RECORD EXCERPTS Block Start

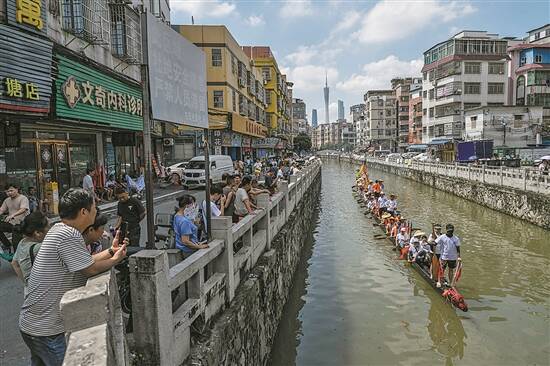 广州大塘村龙舟采青仪式,岸上引来了众多观众
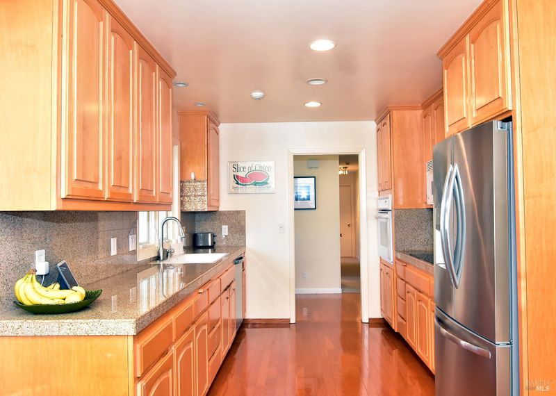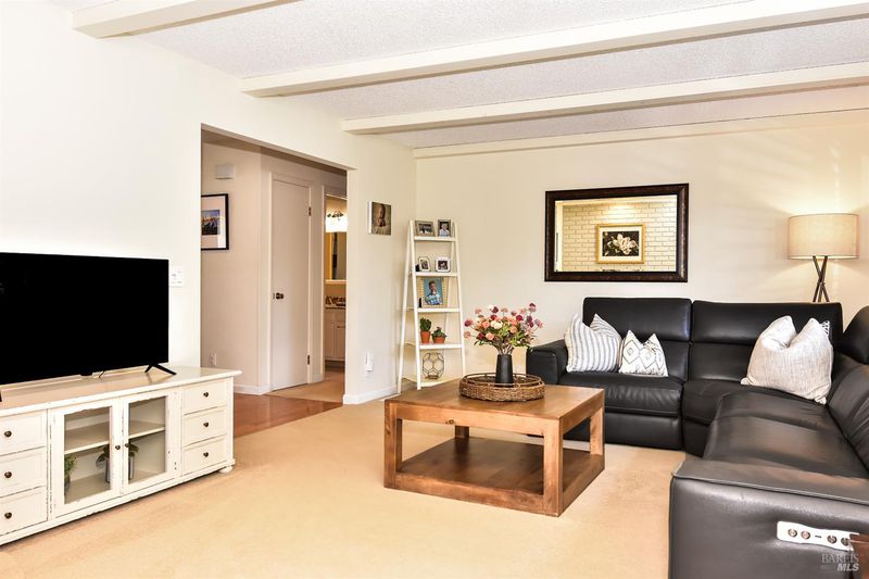 This Bennett Valley home offers both comfort and versatility with its single-level layout, perfect for a variety of lifestyles. Meticulously maintained and thoughtfully designed, it features an enclosed sunroom with additional square footage. The heart of the home is an open living area that seamlessly connects the common rooms. The kitchen boasts ample counter space, built-in cooking appliances, and deep cabinets all with pull-outs. The primary bedroom benefits from a spacious en-suite bath with double vanities, a generous walk-in shower, and plenty of closet space. The second bedroom is equally spacious, also with an en-suite bath of more moderate proportions. The full bath in the hallway is ideal for guests and general use. Dual pane windows throughout. The private fenced backyard oasis, with plenty of room to garden, play, or entertain, is larger than most in the area. The garage allows pull-through opportunity with remote-controlled doors on both ends. Located in a desirable neighborhood known for its friendly vibe, well-regarded schools, and convenient amenities, you'll be minutes from parks, shops, dining, and the city's country edge. Whether you're a first-time buyer, downsizing, or looking for a fresh start, this welcoming home is well worth consideration!
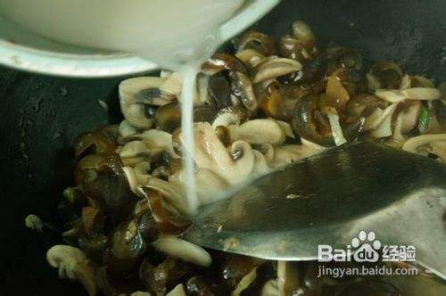 蘑菇都变软之后放入水淀粉勾芡,并煮一分钟
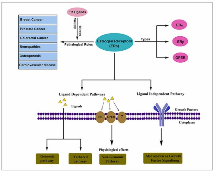在過(guò)去的幾十年中,ER在前列腺癌、結腸直腸癌和乳腺癌等各種癌癥中的作用已被深入研究。研究表明,雌激素受體不僅會(huì )介導乳腺癌的發(fā)生,而且在許多其他的人類(lèi)病理(如心血管疾病、骨質(zhì)疏松癥和肥胖、阿爾茲海默癥、自身免疫性甲狀腺疾?。┲邪l(fā)揮作用。
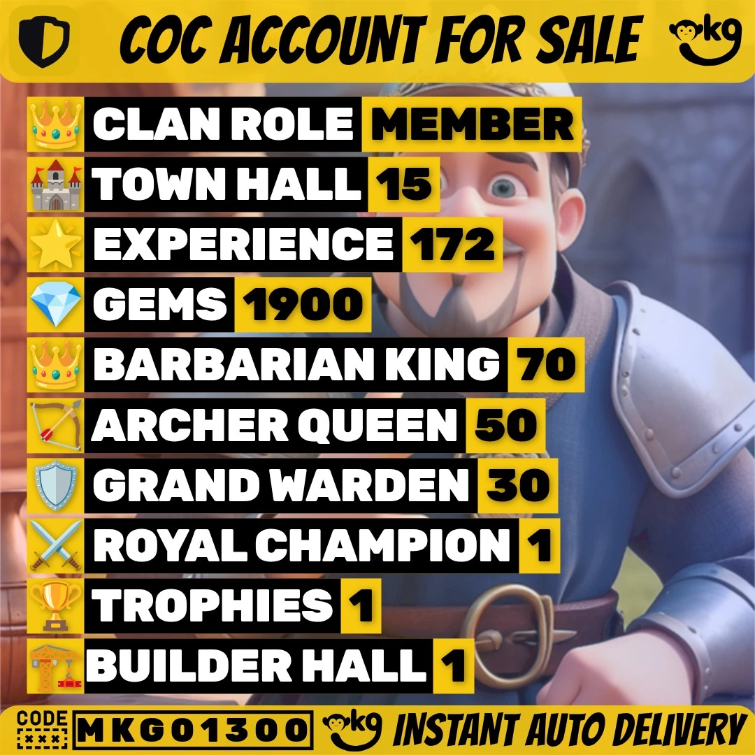 🔥 TH15 Semi Max | 🎖️ LV 172 👻 🥰 | 🤝 Best Deal 🥵 | ✨ Free Name Change 😎 | 💎 1.9K+ Gems 😍 | 🦸 7 Hero Skins (1 Legendary) ✅ | ⚔️ 1 High-Level Epic Equipment ⭐ | BK70 👌 AQ71 ✨ MP50 🤩 GW58 🫠 RC30 🌟 | 🚚 Cheap & Super Fast Delivery 💪 !MKG01300
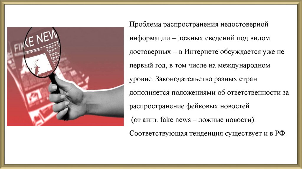 Проблема распространения недостовернойинформации – ложных сведений под видом
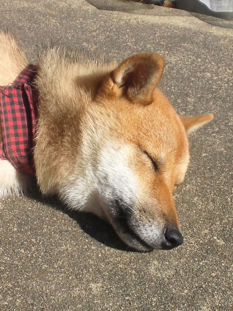 この季節、すぐに眠気に襲われる柴犬さくらに
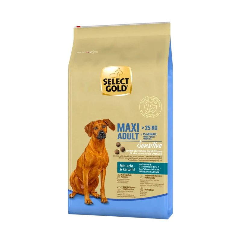 Scegli la qualità che fa davvero la differenza con il Kit Multigusto 2x12KG Select Gold Sensitive Maxi Dog Cavallo+Salmone il tuo gigante buono ti ringrazierà con una scodinzolata extra!
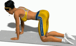 跪姿单脚屈膝蹬腿 左右各15-20次
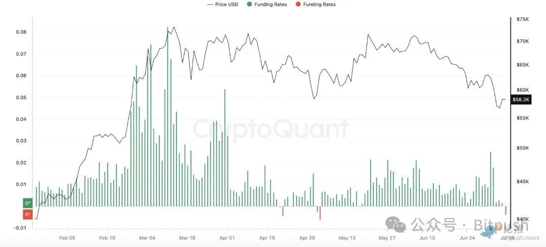 Bitfinex提供的数据显示,自 5 月 1 日触底以来,BTC 永续合约的资金费率首次变为负值。
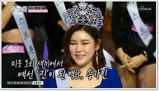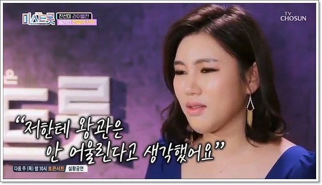 제작진과의 인터뷰에서 "저한테 왕관은 안 어울린다고 생각했어요" "몸매가 안된다, 키가 작다, 못생겼다, 매력이 없다." 송가인님은 절대 그렇지 않아요. 충분한 매력과 아름다운 모습과 그 이상의 노래 실력으로 팬들의 심글을 울리니까요.
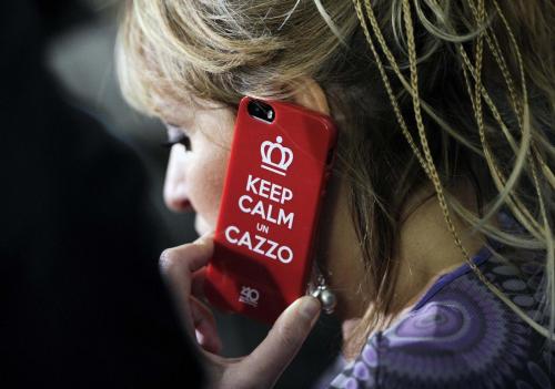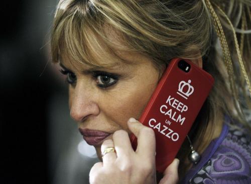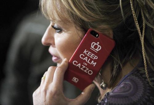 ROMA – Alessandra Mussolini usa una “sobria” cover per il suo telefonino: sul dorso c’รจ scritto “Keep calm…un cazzo”. La senatrice di Forza Italia ha esibito questa copertina durante la conferenza stampa di Silvio Berlusconi, che presentava le liste di Forza Italia per le elezioni europee. Liste in cui la stessa Mussolini รจ inclusa come candidata.
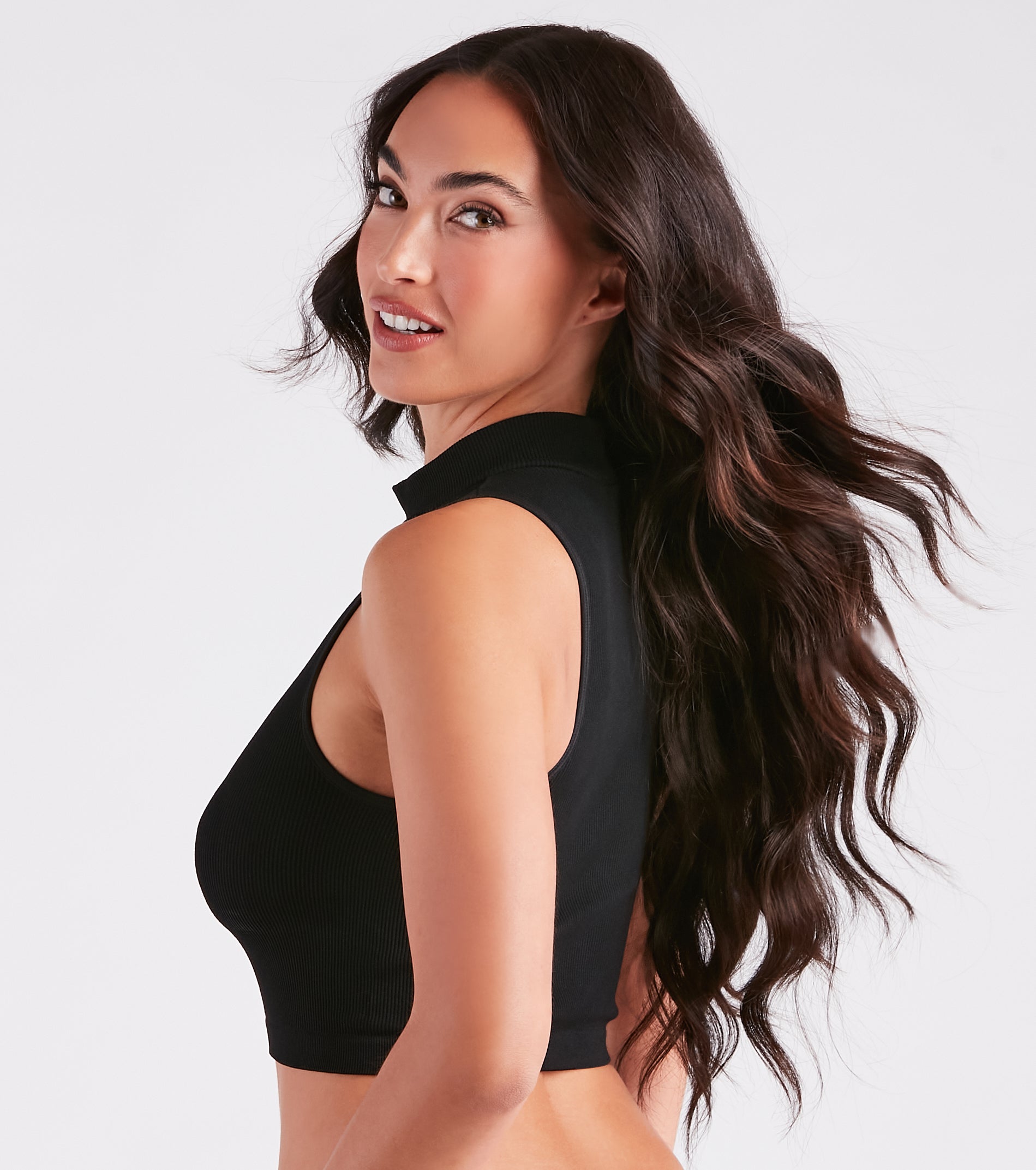 This smooth and seamless mock neck bra top is an iconic staple you need in your lineup. It features a sleeveless mock neckline with tank shoulder straps and a fitted cropped hem. The seamless rib knit fabric offers plenty of stretch for comfortable wear. Style with your fave leggings and sneakers for a cute athleisure look.
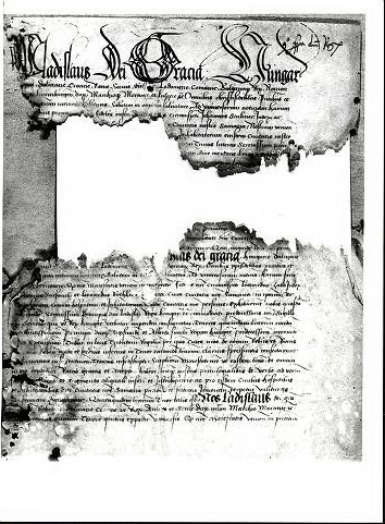 2. časť - Listina Vladislava II. Jagelovského, ktorou Šamorín stráca svoje výsadné postavenie kráľovského mesta.
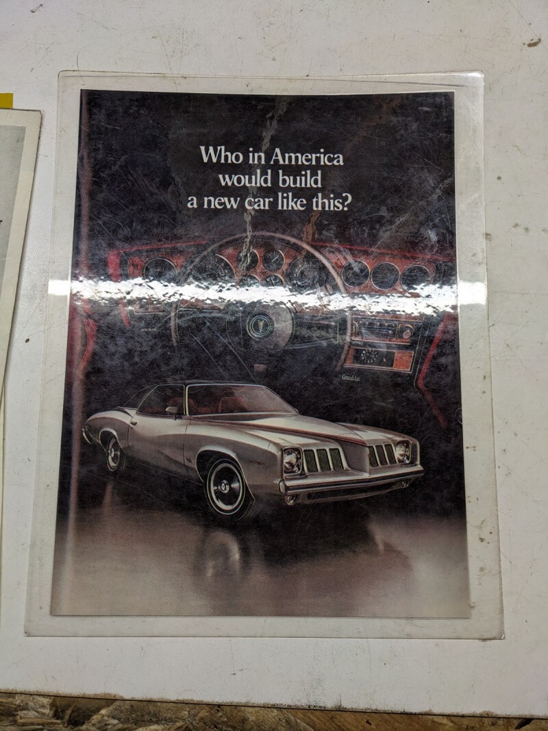 Vintage Pontiac Grand Am Autombile Car Silver Wide-Track Gm Ad Laminated Print
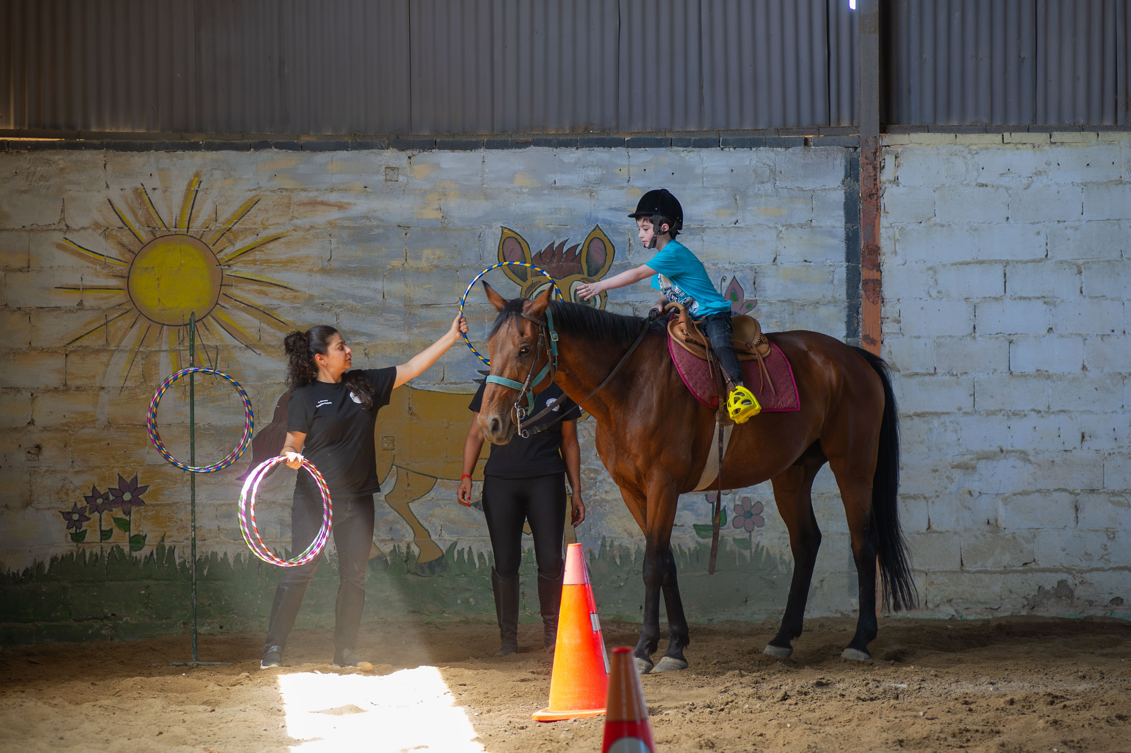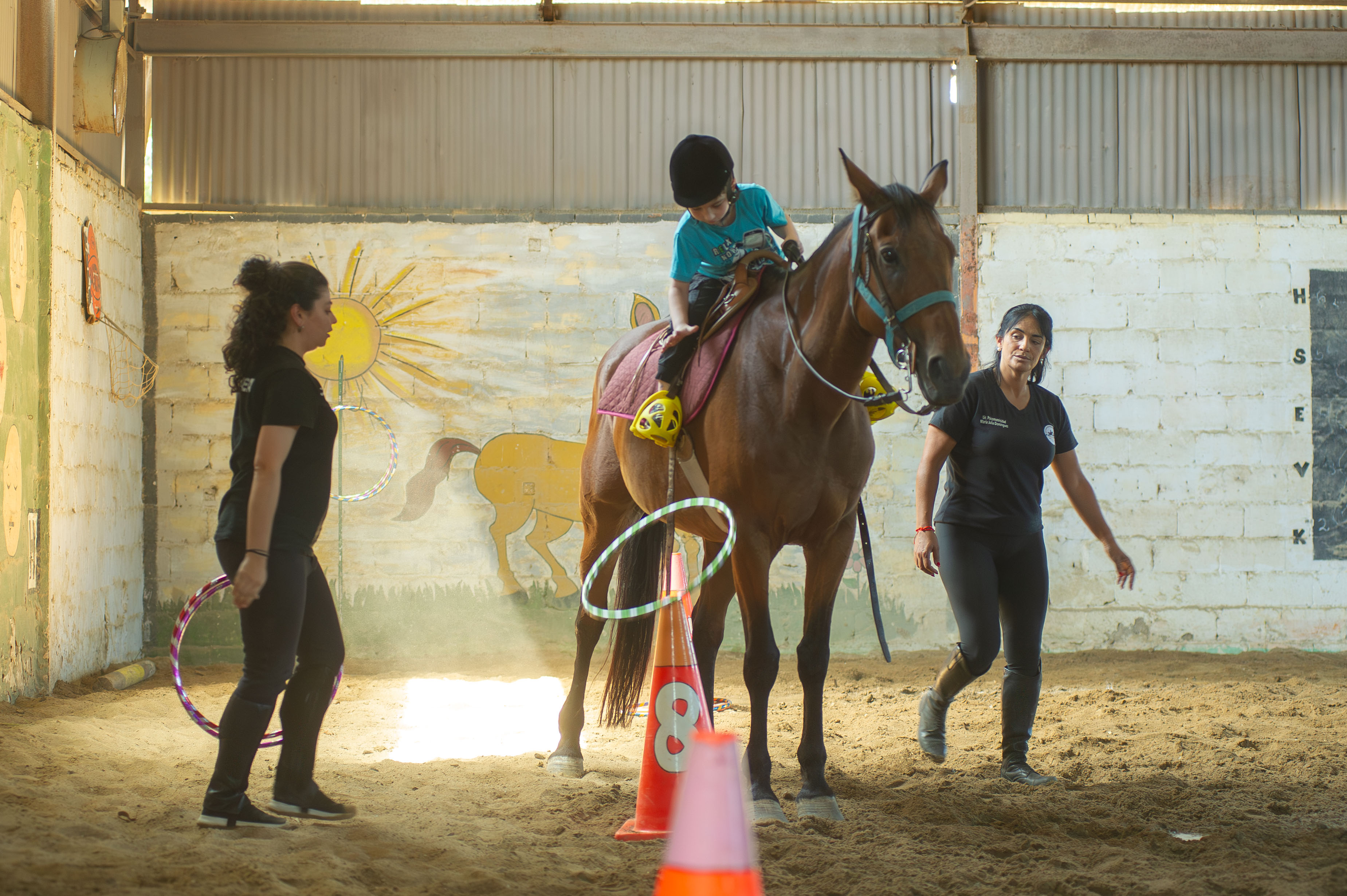 La responsable del Servicio de Equinoterapia de la Guardia Republicana, Verónica Castillo, detalló el funcionamiento del espacio, quiénes pueden ser beneficiarios y las ventajas para los usuarios que son niños y adolescentes con algún tipo de discapacidad.

RECORD EXCERPTS Block End

■ WORK TO BE COMPLETED: Using the data above, print only the lines starting at the one with "Bitfinex提供的数据显示,自 5 月" and ending at the one with "ROMA – Alessandra", exactly as they stand, minus the pictures.

■ TASK ANSWER:
 Bitfinex提供的数据显示,自 5 月 1 日触底以来,BTC 永续合约的资金费率首次变为负值。
 제작진과의 인터뷰에서 "저한테 왕관은 안 어울린다고 생각했어요" "몸매가 안된다, 키가 작다, 못생겼다, 매력이 없다." 송가인님은 절대 그렇지 않아요. 충분한 매력과 아름다운 모습과 그 이상의 노래 실력으로 팬들의 심글을 울리니까요.
 ROMA – Alessandra Mussolini usa una “sobria” cover per il suo telefonino: sul dorso c’รจ scritto “Keep calm…un cazzo”. La senatrice di Forza Italia ha esibito questa copertina durante la conferenza stampa di Silvio Berlusconi, che presentava le liste di Forza Italia per le elezioni europee. Liste in cui la stessa Mussolini รจ inclusa come candidata.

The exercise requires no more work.